Let’s move from an immigration anomaly to a set of (admittedly numerically small) immigration policy problems.

Policy Matters. The first problem is that the slaughterhouses and other low-wage employers are getting a substantial subsidy from Uncle Sam for hiring F-1 student workers rather than the expected H-2B aliens. Employers of F-1 students do not have to pay the normal payroll taxes that support the Social Security and Medicare trust funds. The second Bush administration did this to us when they adopted the Optional Practical Training program (OPT). While not an ideal program, the employers of H-2B workers do have to pay payroll taxes, as do the workers.

The second problem is that in several cases, notably that of Island Subway, employers filed for adjustments of status from F-2 to green card, despite the fact that F-2 aliens are not allowed to work.
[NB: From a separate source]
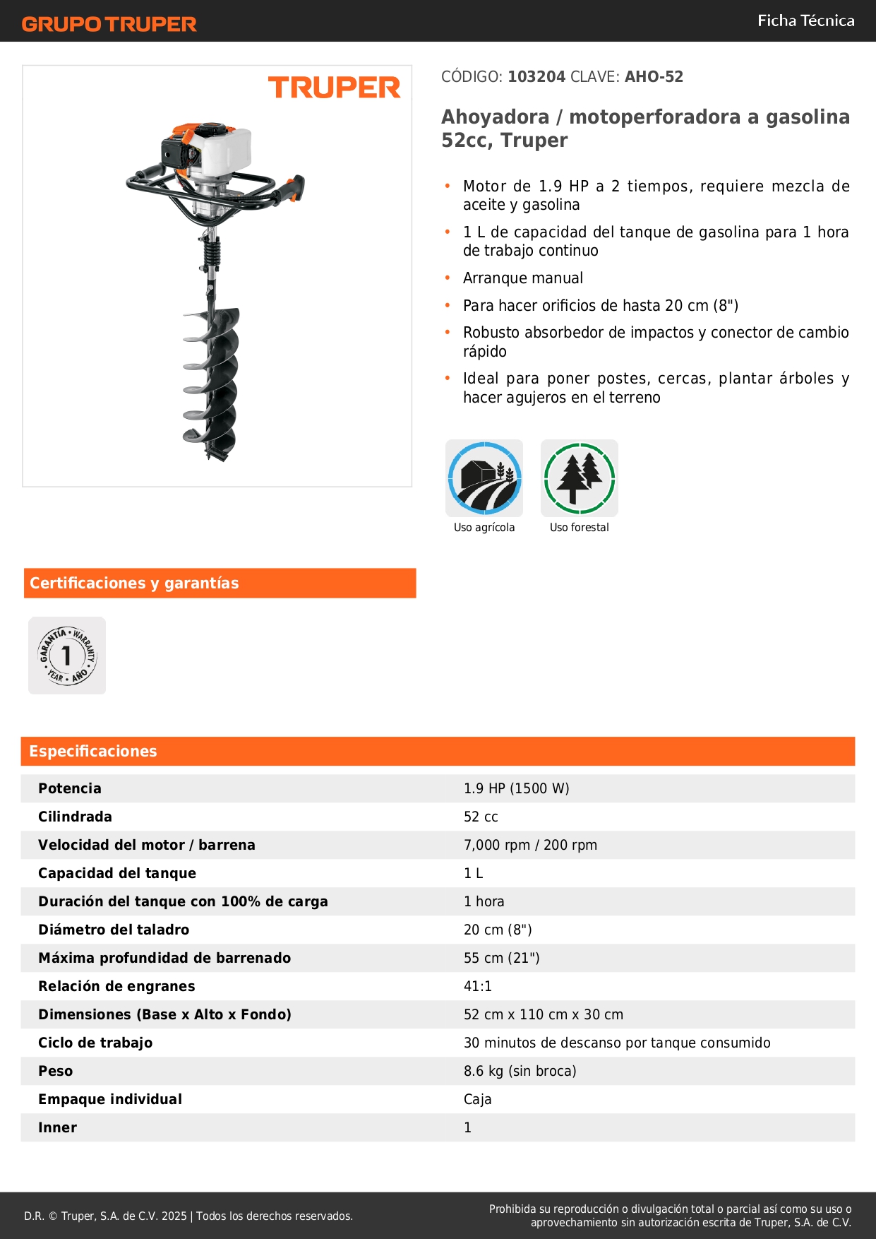 • Ideal para poner postes, cercas, plantar árboles y hacer agujeros en el terreno
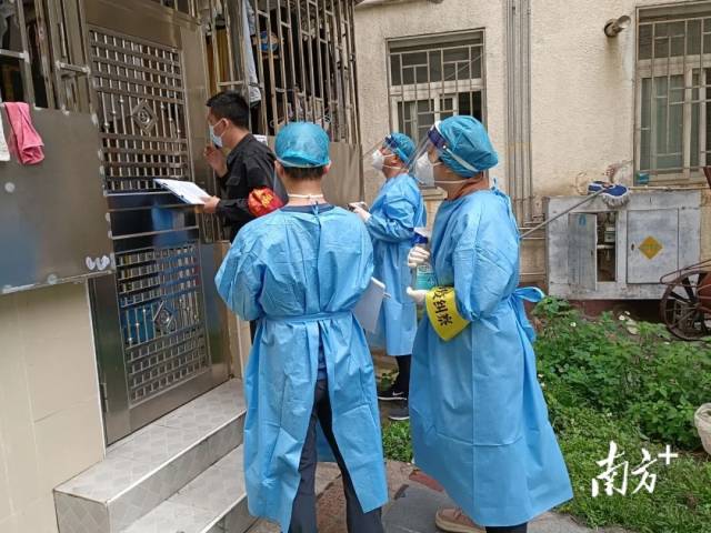 扫楼摸清底数,提醒市民及时参加核酸检测是队员们的主要工作。在有电梯的33楼高层,队员们从顶扫到底最快需要4个小时,期间不敢喝一口水吃一口食物,扫完一栋楼双腿像灌铅般沉重。

There are two groups of questions here: 1) To what extent were they working illegally, and to what extent were they spouses of working F-1s? and 2) Were the filings illegal acts or were their acceptances just terrible public policy?

We started to check on the extent that other low-wage employers on the list had F-2 workers among their beneficiaries; we checked five of the employers and found that all five had from one to 12 F-2s listed.

The third and largest problem is the matter of labor standards. Let’s quote from a Department of Labor publication dealing with this foreign-worker program:

The DOL must certify to the USCIS that there are not sufficient U.S. workers able, willing, qualified and available to accept the job opportunity in the area of intended employment and that employment of the foreign worker will not adversely affect the wages and working conditions of similarly employed U.S. workers. [Emphasis added.]

Of course, at the wages offered, there are no U.S. workers willing to accept these jobs. But how can the Labor Department, with a straight face, rule that bringing in foreign workers at $8.25 an hour does not “adversely affect the wages” in this situation?

Somewhat Similar Situation. Meanwhile, on November 12 the New York Times, often the subject of criticism from those of us who want to enforce the immigration laws, published a praise-worthy article on how another bit of the immigration system is being used in the poverty-racked Mississippi Delta, of all places, to replace long-serving citizen (Black) farmworkers with whites imported from the former land of apartheid, South Africa. To pour salt into the wounds, the whites, while doing identical work, are paid more than the Blacks. Let’s hope that the congressman from the area, the very senior Bennie G. Thompson (D-Miss.), jumps all over the Labor Department for allowing this to happen. 

The author is grateful to Matthew Bonness for his assistance.